Wednesday, February 2, 2011

On Ozawa's Indictment

So, Osawa has been formally indicted for dirty money deals. I have more than a few thoughts on this, so bear with me.

Very briefly, Ozawa's office engaged in some very dodgy and likely illegal land deals that landed him with unlawful campaign money. The subordinates that were directly responsible have already been indicted and have apparently confirmed the facts (though with Japanese prosecutors there's no guarantee it's genuine). The question has been whether Ozawa himself knew about it or approved it, and what responsibility he has as the head of the office.

The prosecutor's office has twice investigated him and twice declined to indict him, citing a lack of any evidence or wrongdoing. Ozawa himself has refused to give a sworn account for the money deals in the lower house. He has refused to leave his party posts, has refused to leave the DPJ and has refused to step down as lower house member. The refusal to give account is probably the most damaging thing; it's difficult to come up with any reason for him to refuse if he doesn't have things to hide.

A panel of citizens were tasked with going through the material, and they determined Ozawa should indeed be indicted. After a second panel did the same thing, the decision became binding, and the prosecutors are obliged to bring him to trial with the material they have. The reason for the citizen panel thing is of course that the Japanese police and judicial systems are anything but clean and trustworthy, and the judicial panels are supposed to make it harder for police and prosecutors to protect their own corrupt members or corrupt politicians from the law.

So far so good. But I agree with Ozawa - he should not step down from the lower house as a result of this indictment. For a normal indictment it's all but given that a lower-house member will resign. But this isn't a normal indictment. Remember, the prosecutors twice determined they didn't have evidence that would actually hold up in court, and they're only going to court because the citizen panel forces them to. A citizen panel that does not have legal experience, and that may well be driven as much by animosity towards Ozawa as by the strength of any evidence; he is a very polarizing political figure here, and his refusal to testify makes him look very suspicious in the eyes of the public.

A panel of private people, with no judge, no accountability, few legal limitations and no way for the accused to defend themselves, should not be able to drive an elected representative out of office.

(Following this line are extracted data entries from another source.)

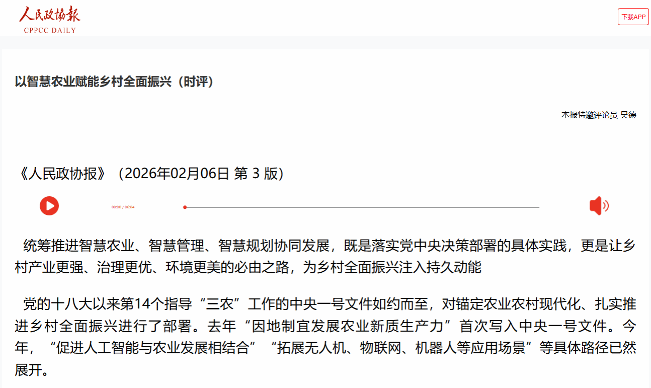 中央农村工作会议强调要“锚定农业农村现代化,扎实推进乡村全面振兴,推动城乡融合发展”。当前,新一代信息技术作为农业新质生产力的重要载体,正与农业生产、乡村治理、空间规划等多领域加速融合。统筹推进智慧农业、智慧管理、智慧规划协同发展,既是落实党中央决策部署的具体实践,更是让乡村产业更强、治理更优、环境更美的必由之路,为乡村全面振兴注入持久动能。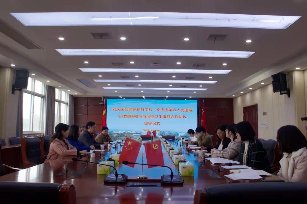 为进一步做好高校学生的心理健康教育工作,帮助学生成长成才,维护学校和学生的和谐稳定,进一步开展“校医合作”,11月19日上午,我校与安庆市第六人民医院代表在行政楼三楼大会议室举行心理健康教育与精神卫生服务合作协议签字仪式。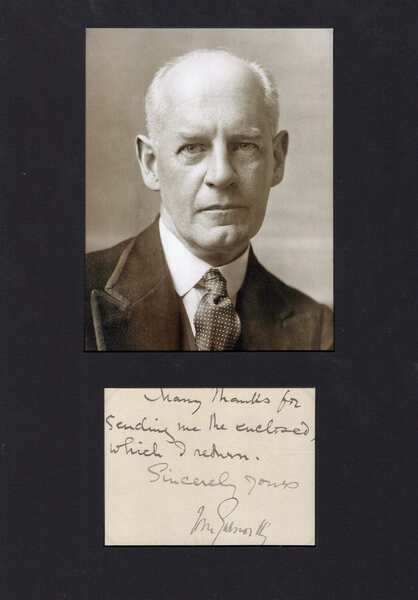 Autograph note signed, one page (cardboard), 4,25 x 3,25 inch, written and signed in blue ink "John Galsworthy", attractively mounted (removable) for fine display with a photograph, shows John Galsworthy in a close-up portrait (altogether 8,25 x 11,75), with mild signs of age wear - in fine to very fine condition.

They may have simply decided they dislike Ozawa and want him gone, any actual illegal activity or not. They may of course have found that the prosecutors protected a powerful political ally and he is guilty as sin. The actual trial will (well, may - this is Japan, remember) find that out.

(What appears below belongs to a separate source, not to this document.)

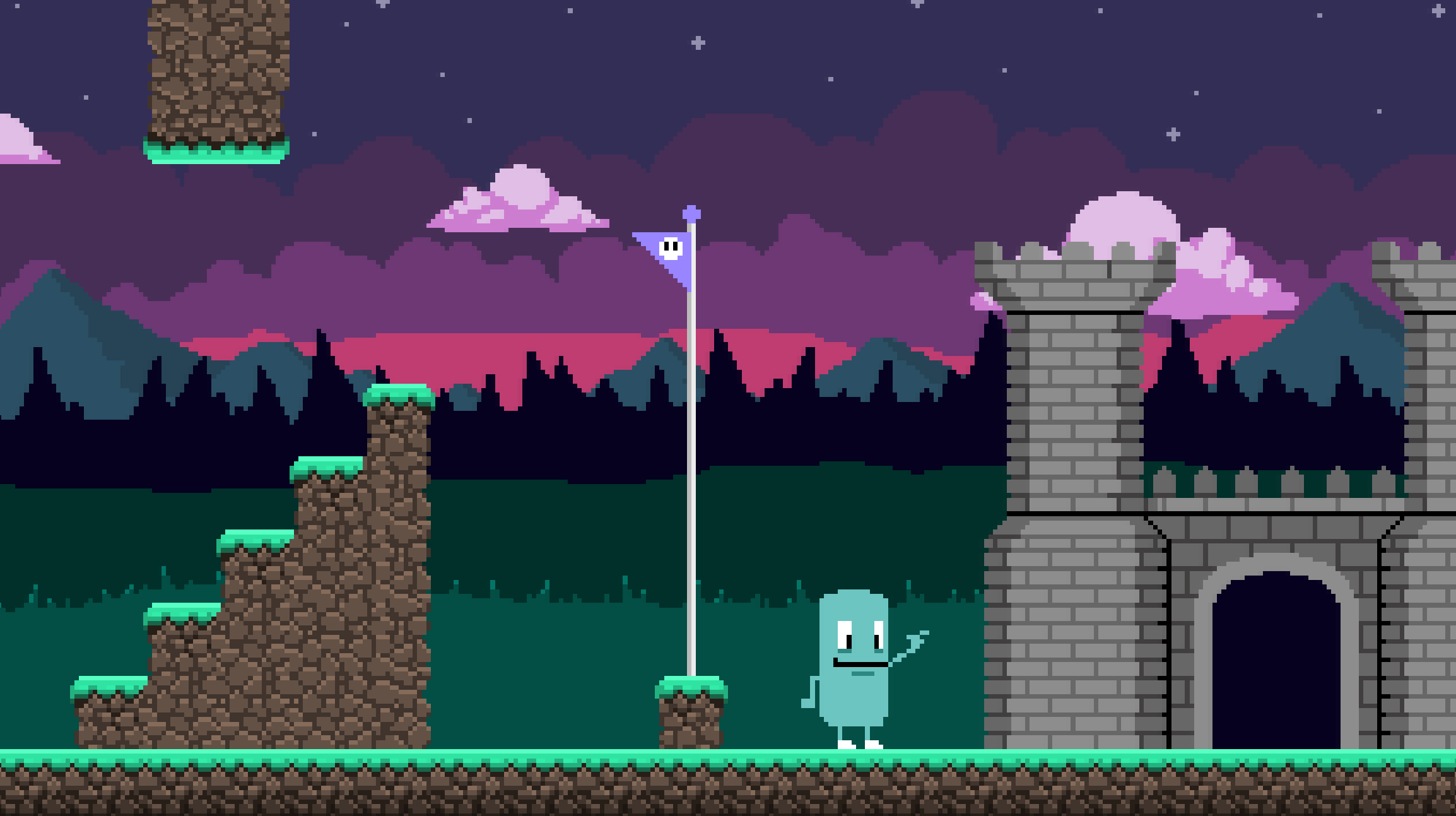 MoonWalker is a Platformer where you start at the end of the Level and have to shoot backwards. Don't get Chomped!

But whether he should occupy his lower-house seat is not up to an unaccountable panel. It is not up to prime minister Kan. It is not up to a howling press. That is between himself and the people in the fourth district of Iwate to decide. Nothing less than an actual conviction should ever force an elected member out of office. Especially a disliked, despised member - would we want majorities to be able to disenfranchise disliked local minorities at will?

Now, the DPJ may well decide he is not fit to hold a position within the party and that is fine. They may decide he is damaging the party enough that they kick him out altogether (and I would agree with such a decision). But the actual lower house seat is not - and should not be - up for discussion. It is true that a deeply unpopular figure like him may not be the most effective representative for the good folks at Iwate 4. But that's up to them to decide - not us, not the DPJ and not an impatient public.


  1. The admonition to "be nice" read and understood.
    In these forums it should always be so.
    Ozawa Ichiro has been around and dodged many obstacles such as this before. Indeed he seems to thrive on this type of political tempest and whenever I see this type of thing happening in Kasumigaseki style politics it always make me wonder what's really happening. These folks are masters of slight of hand hocus pocus political tricks. In fact Ozawa is the perfect person to be the sheep tied to the stake, but this sheep has very sharp teeth. I won't be a bit surprised to see this exact thing re-incarnate in another Ozawa political life somewhere in the future.
    Kan owes his political life to Ozawa and debts are never forgotten or forgiven here. Kan is a mere upstart when dealing with Ichiro. There is an old adage in Tokyo politics "all will be tainted with the same mud when they enter the Diet".


  2. I, too, have quite a few thoughts on this. Your post is thorough and fair, and I agree to most of its contents.

    However, "it's difficult to come up with any reason for him to refuse if he doesn't have things to hide" - I would like to take another perspective on this. Past sworn/un-sworn testimonies in the House have been mere witch hunts. "Let the cameras roll." Ozawa knows this all too well, for some of his mentors have been in those docks. For somebody who is indicted/soon to be indicted, to agree to partake in such a spectacle and incriminate himself even further is the equivalent of political suicide. Likely it also would be damaging to his case in court. Any lawyer would strongly advise against that.

    Also, you already truthfully mentioned the limitations of the Citizen's panel, but it might be worth mentioning that its member's average age was in the early thirties. I am not the one to adhere to conspiracy theories and the like, but I think it is fair to say that after all the leaks by the prosecutor's office and the media's mass hysteria that ensued, the panel's decision very well may have been tainted at least. For now I'd say give the man his day in court, and abide by the "innocent until proven guilty".